[Opening Source material section]
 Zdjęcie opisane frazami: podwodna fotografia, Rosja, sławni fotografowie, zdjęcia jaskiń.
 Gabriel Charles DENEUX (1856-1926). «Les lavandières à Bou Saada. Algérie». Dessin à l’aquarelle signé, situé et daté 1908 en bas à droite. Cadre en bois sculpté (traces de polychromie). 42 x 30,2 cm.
[Closing Source material section]
[Opening Source material section]
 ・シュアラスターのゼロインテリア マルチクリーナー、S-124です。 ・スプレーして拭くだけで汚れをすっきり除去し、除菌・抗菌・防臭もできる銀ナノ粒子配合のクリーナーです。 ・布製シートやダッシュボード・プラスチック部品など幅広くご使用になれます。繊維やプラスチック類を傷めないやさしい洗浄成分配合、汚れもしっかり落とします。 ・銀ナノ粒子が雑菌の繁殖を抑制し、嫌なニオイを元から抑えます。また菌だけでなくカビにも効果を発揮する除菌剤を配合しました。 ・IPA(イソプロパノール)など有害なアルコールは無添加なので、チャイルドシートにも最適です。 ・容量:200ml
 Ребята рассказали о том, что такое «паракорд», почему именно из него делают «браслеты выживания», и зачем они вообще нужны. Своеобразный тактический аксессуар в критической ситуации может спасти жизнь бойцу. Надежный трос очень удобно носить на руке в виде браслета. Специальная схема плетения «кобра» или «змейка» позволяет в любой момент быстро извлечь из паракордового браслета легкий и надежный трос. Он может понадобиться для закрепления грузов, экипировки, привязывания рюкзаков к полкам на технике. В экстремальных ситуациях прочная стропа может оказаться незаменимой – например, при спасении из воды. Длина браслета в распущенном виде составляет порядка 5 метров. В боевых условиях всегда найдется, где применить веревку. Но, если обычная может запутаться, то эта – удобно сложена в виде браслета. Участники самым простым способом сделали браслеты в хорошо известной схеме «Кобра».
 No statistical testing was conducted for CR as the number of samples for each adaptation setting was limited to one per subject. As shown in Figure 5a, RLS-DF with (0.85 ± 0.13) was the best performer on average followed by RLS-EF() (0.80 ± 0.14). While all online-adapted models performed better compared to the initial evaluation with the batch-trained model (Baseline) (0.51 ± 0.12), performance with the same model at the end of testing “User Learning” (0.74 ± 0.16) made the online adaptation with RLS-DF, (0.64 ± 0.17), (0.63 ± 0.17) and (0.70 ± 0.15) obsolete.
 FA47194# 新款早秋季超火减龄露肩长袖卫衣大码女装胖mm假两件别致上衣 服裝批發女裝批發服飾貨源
[Closing Source material section]
[Opening Source material section]
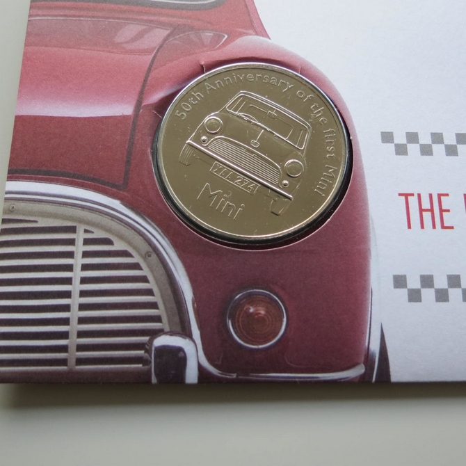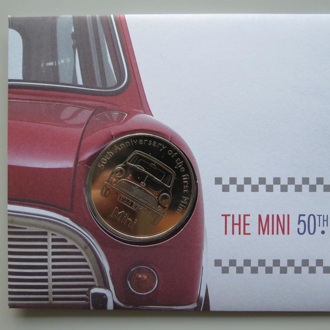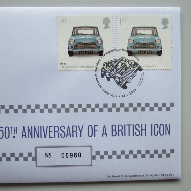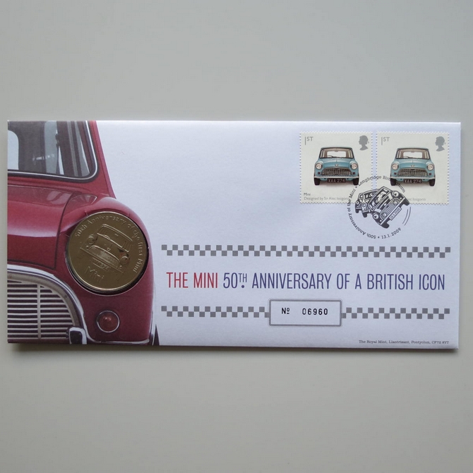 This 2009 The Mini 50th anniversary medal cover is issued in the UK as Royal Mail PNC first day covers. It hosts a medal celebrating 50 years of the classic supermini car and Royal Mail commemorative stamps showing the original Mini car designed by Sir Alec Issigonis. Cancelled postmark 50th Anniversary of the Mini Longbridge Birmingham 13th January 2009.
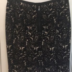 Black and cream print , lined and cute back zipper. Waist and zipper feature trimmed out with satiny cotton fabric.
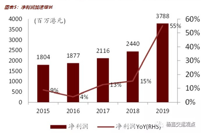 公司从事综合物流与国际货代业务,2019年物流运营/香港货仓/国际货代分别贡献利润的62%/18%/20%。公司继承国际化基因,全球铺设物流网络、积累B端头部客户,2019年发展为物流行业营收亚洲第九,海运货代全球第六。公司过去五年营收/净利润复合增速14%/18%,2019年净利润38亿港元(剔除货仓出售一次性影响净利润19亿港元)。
[Closing Source material section]
• Task directions: From the listing above, repeat exactly the lines starting at the line that includes "Ребята рассказали о" and ending at the line that includes "No statistical testing", with nothing outside that span.

• Result of the task:
 Ребята рассказали о том, что такое «паракорд», почему именно из него делают «браслеты выживания», и зачем они вообще нужны. Своеобразный тактический аксессуар в критической ситуации может спасти жизнь бойцу. Надежный трос очень удобно носить на руке в виде браслета. Специальная схема плетения «кобра» или «змейка» позволяет в любой момент быстро извлечь из паракордового браслета легкий и надежный трос. Он может понадобиться для закрепления грузов, экипировки, привязывания рюкзаков к полкам на технике. В экстремальных ситуациях прочная стропа может оказаться незаменимой – например, при спасении из воды. Длина браслета в распущенном виде составляет порядка 5 метров. В боевых условиях всегда найдется, где применить веревку. Но, если обычная может запутаться, то эта – удобно сложена в виде браслета. Участники самым простым способом сделали браслеты в хорошо известной схеме «Кобра».
 No statistical testing was conducted for CR as the number of samples for each adaptation setting was limited to one per subject. As shown in Figure 5a, RLS-DF with (0.85 ± 0.13) was the best performer on average followed by RLS-EF() (0.80 ± 0.14). While all online-adapted models performed better compared to the initial evaluation with the batch-trained model (Baseline) (0.51 ± 0.12), performance with the same model at the end of testing “User Learning” (0.74 ± 0.16) made the online adaptation with RLS-DF, (0.64 ± 0.17), (0.63 ± 0.17) and (0.70 ± 0.15) obsolete.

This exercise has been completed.